Heavy-Handed Probation and Parole in Pennsylvania Prevents People from Moving Forward

March 20, 2026

Bucks County Beacon: Andre Carroll started representing Philadelphia’s 201st district in the Pennsylvania General Assembly on September 20, 2024, following a special election to fill a seat vacated by state Rep. Stephen Kinsey. In the 18 months since he took office, the 35-year-old Democratic state lawmaker has wasted no time proposing changes he believes would have made a difference in his own life and in the lives of his fellow Pennsylvanians.
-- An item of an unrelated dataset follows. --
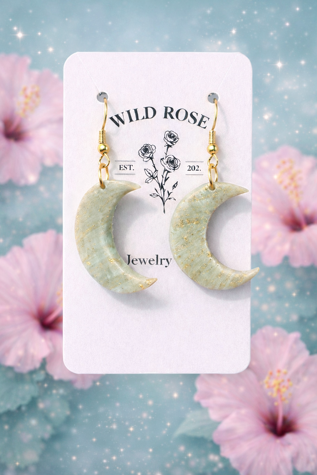 Sculpted in serene sage and sprinkled with gold flecks, Moonlit Garden captures the calm magic of a quiet night sky. These crescent moons are feminine, mystical, and effortlessly lightweight.

Carroll maintains that electing people with lived experience in poverty, the criminal justice system and public education is important to assuring that the commonwealth makes wise choices and favorably impacts the lives of everyday people.

A primary focus for Carroll is the Department of Corrections.

‘Recognizing that a person like myself, who had experience, who had trauma as a kid, having my father be incarcerated the first 20 years of my life. I’ve always felt compelled and interested in how we reform the criminal justice system.’….

Saleem Holbrook, faculty member at U. Penn Law School and Executive Director of the Abolitionist Law Center, still has to ask permission to go to Geneva for human rights conferences. And if Carroll and his dozens of co-sponsors don’t succeed in changing the state parole system – he’ll be asking permission for the rest of his life. Only a handful of states – Pennsylvania is one of them – sentence people to parole for the rest of their lives.”